Deep Learning - Gradient Aggregation in Parameter Servers

I have some questions regarding parameter servers and the gradient aggregation performed. My main source is the Dive into Deep Learning book [1]. I assume the BSP model, i.e., we synchronize after each mini-batch. I wasn’t sure whether this belongs to the data science or AI StackExchange community, so I defaulted here…

Figure 12.7.1 on [1] suggests the following approach: Assume batch size 32. If we have one GPU and 128 training data points, each epoch has 4 mini-batches. After every mini-batch, we update our model (i.e. there are 4 updates). Hence, we have to calculate four gradients (one per minibatch).

For the multiple GPUs case, assume two GPUs and 128 training data points. We feed each GPU a mini-batch, let them calculate a gradient, sum them and update our model with the sum. Hence, there are two steps instead of four involved (from a BSP point of view).
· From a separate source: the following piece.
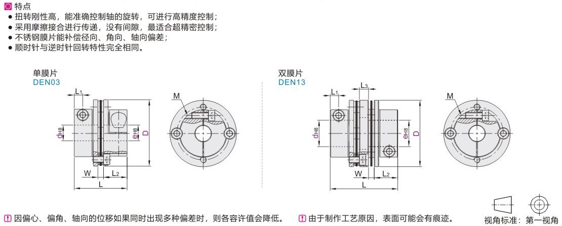 | DEN03 | 螺钉夹紧型 | 单膜片 | 铝合金 | 不锈钢 | 本色阳极氧化 | 内六角 圆柱头螺钉 |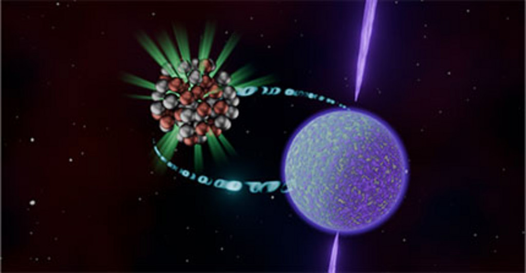 Image: Artistic representation of a neutron star and a nucleus. It symbolizes how knowledge about neutron stars can answer questions from nuclear physics and vice versa. Image: Hauke Köhn.

My questions are the following:

  1. Is my described understanding of how parameter servers work correctly? Especially I am not sure if we keep the same batch size of 32 per GPU or if we have to divide the batch size by the number of GPUs.
  2. Why do we sum the gradients instead of averaging them? This is even more confusing to me, as, in the DistributedDataParallel documentation of PyTorch [2], there is the following statement:

When a model is trained on M nodes with batch=N, the gradient will be M times smaller when >compared to the same model trained on a single node with batch=M*N (because the gradients >between different nodes are averaged). You should take this into consideration when you want to >obtain a mathematically equivalent training process compared to the local training counterpart.

There are two things confusing here:

2.1. It states that the gradients are averaged, which does not comply with the D2L book which states that we sum the gradients.

2.2. Until now, I always thought, in mini-batch gradient descent, the loss function (optimization goal) averages the error of the mini-batch data points. Hence, if M nodes run mini-batch gradient descent with batch size N, and we take the average of their gradients, we should receive a number that is in the same order of magnitude as if 1 node runs mini-batch gradient-descent with batch size NM, as the single node averages the error functions of nm data points for the loss function, while with M nodes we just take the average of averages.

I am not sure whether the DistributedDataParallel class of PyTorch can be seen as a parameter server (especially because they even have a guide on how to build a parameter server in PyTorch [3]), but it maps to what is described in the book as a parameter server.

Any help in resolving my confusion is much appreciated. Thank you very much!